Kevin Henry: "One's Own Place A Family Tradition" (Bogfire Records)
This archive album of timber flute and "war pipes" (one track only), from a 69-year-old Chicago-based emigre truly burps up the Sligo Coleman country of old - even further back than the fine recording here of his late fiddler-brother Johnny in 1962. The tunes are reels mostly, played in marbly ceili unison with a rousing tattoo feel which Henry claims comes from Land League fife-and-drum bands - and you certainly get that Lambeg feel off Malachy Towey's bodhran. Apart from Henry's own hearty, yowping solo flute style, he delivers patriotic or humorous song "recitations" (his brother Martin composed McAlpine's Fusiliers) in a stirring brogue you could cut with a shovel. By Mic Moroney
Gillian Welch: "Hell Among The Yearlings" (Almo)

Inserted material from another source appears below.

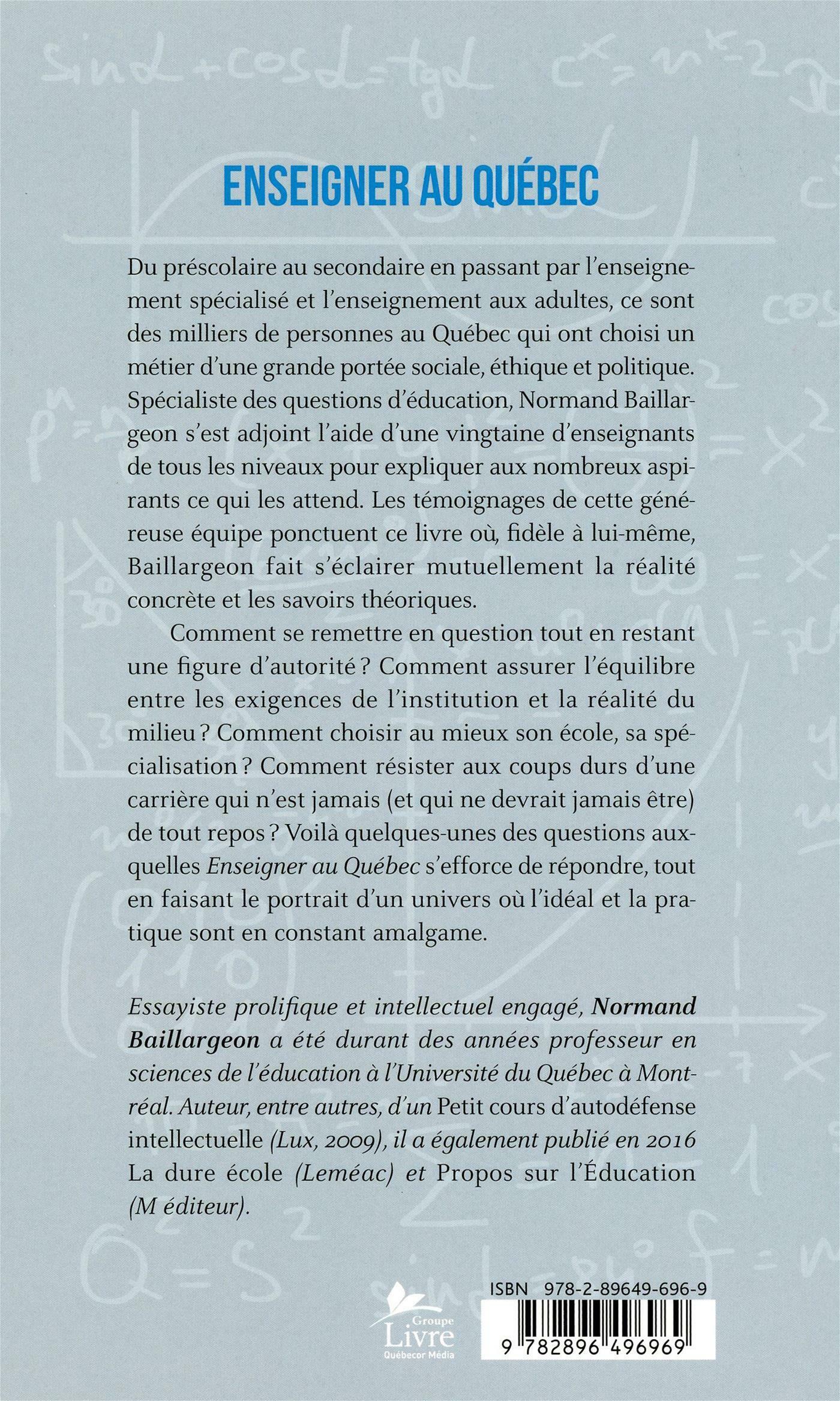 Du préscolaire au secondaire en passant par l'enseignement spécialisé et l'enseignement aux adultes, ce sont des milliers de personnes au Québec qui ont choisi un métier d'une grande portée sociale, éthique et politique. Spécialiste des questions d'éducation, Normand Baillargeon s'est adjoint l'aide d'une vingtaine d'enseignants de tous les niveaux pour expliquer aux nombreux aspirants ce qui les attend. Les témoignages de cette généreuse équipe ponctuent ce livre où, fidèle à lui-même, Baillargeon fait s'éclairer mutuellement la réalité concrète et les savoirs théoriques.

For the follow-up to her acclaimed debut, Revival, Gillian Welch and her co-conspirator, David Rawlings, have wisely kept to the same stark tableau of dark, moody, songs set in skeletal arrangements of guitar and banjo. Against this grey backdrop, Welch's plaintive voice sound-paints a range of moods from the vengeful Caleb Meyer (about the death of a rapist) to the junkie's lament of My Morphine. These original are so evocative and timeless are they could have been written at any time in the last 100 years; the predominant influence is that of the moody traditional music of the Appalachians, but the rustic rock'n'roll of Honey Now and the atmospheric Whiskey Girl show other avenues worthy of pursuit. And if it all seems a mite too grim, take heart because there is very sweet pleasure in all this pain. By Joe Breen
Djivan Gasparyan & Michael Brook: "Black Rock" (Real World)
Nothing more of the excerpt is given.